Here is a daily graph for the time from May 15 to June 4. When exactly did T24256 roll out - on May 28?
(Via SWAP notebook, cp ~tbayer/printable=yes%20clicks\ May-June\ 2017.ipynb .)
@Tbayer partly on 23 and 24th for the smaller stuff, and the big wikipedias on june 1st it seems: https://www.mediawiki.org/wiki/MediaWiki_1.30/Roadmap (1.30.0-wmf.2)
Not really a significant influence it seems so far I guess. But there is a lot of variance there in that graph.. A lot more than I would have anticipated (maybe it correlates with the overall traffic those days. Any way, it's anywhere between 0.01-0.15 % of pageviews if I'm basing it on 650 million daily average of pageviews (incl. robots, spiders etc, all projects)
OK, here is an extension of the previous graph, now covering April 4-July 2:
Looking at this fuller picture, it seems like there is a baseline of about 400-500k/day (which, again, would correspond to about 0.08 to 0.09% of the ca. 530 million daily non-spider pageviews) , and various spikes on top of it.

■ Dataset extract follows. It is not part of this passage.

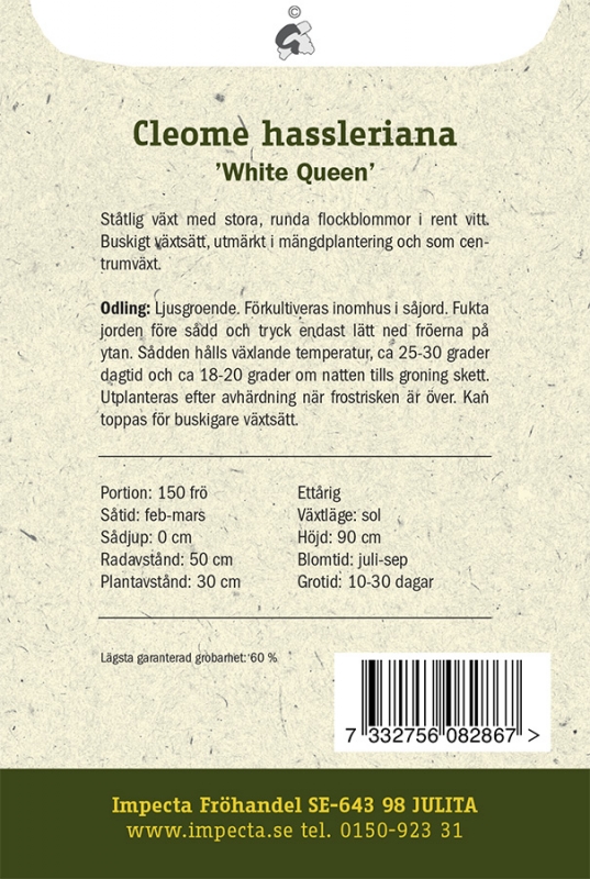 Cleome hassleriana White Queen, Paradisblomster White Queen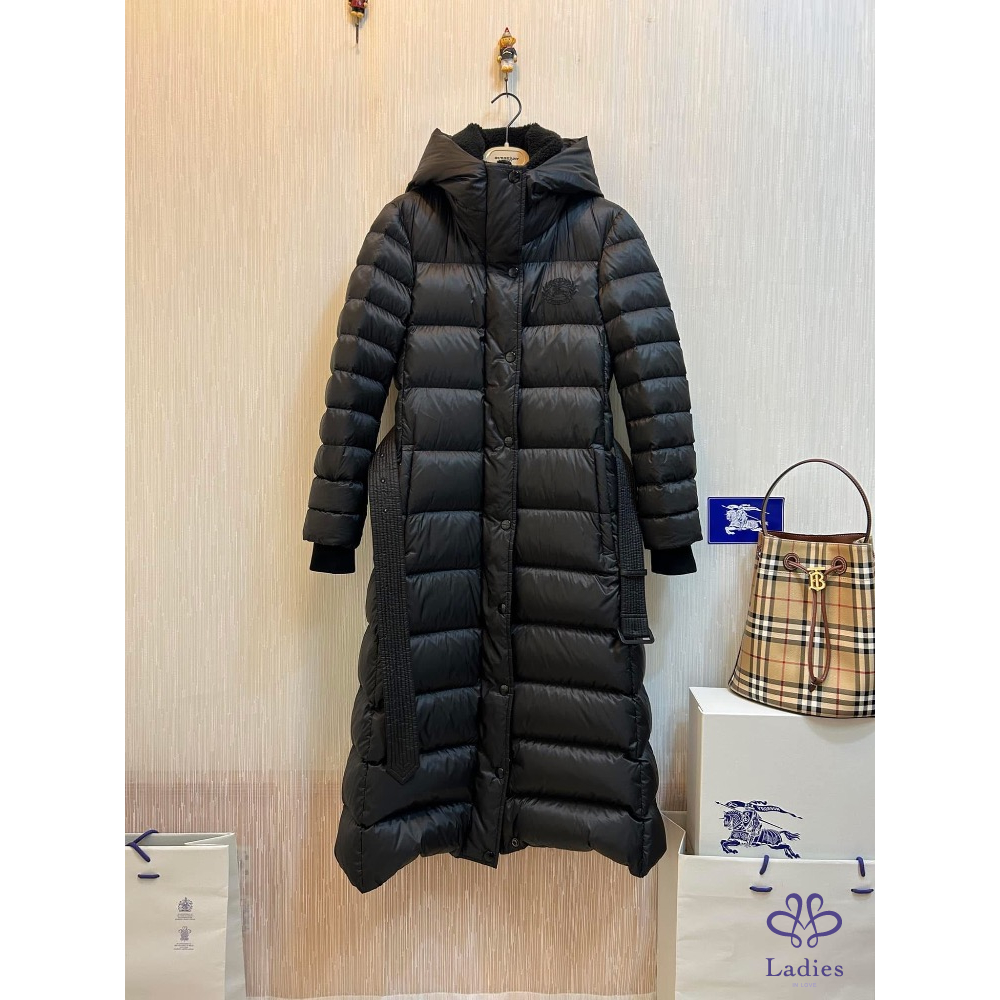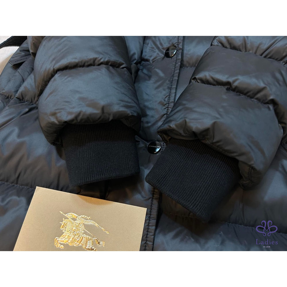 ????BURBERRY英國黑標黑色連帽鵝絨大衣

BTW I also checked that all those requests are actually human (more precisely, 100.0% had agent_type = 'user' on each day from June 25 to July 2).
Data sources: see previously mentioned SWAP notebook
Closing this now; feel free to reopen in case there are further questions.
It's weird, I really had expected to see a big drop somewhere due to more JS prints.... I'm amazed that it's not there. I can't explain it.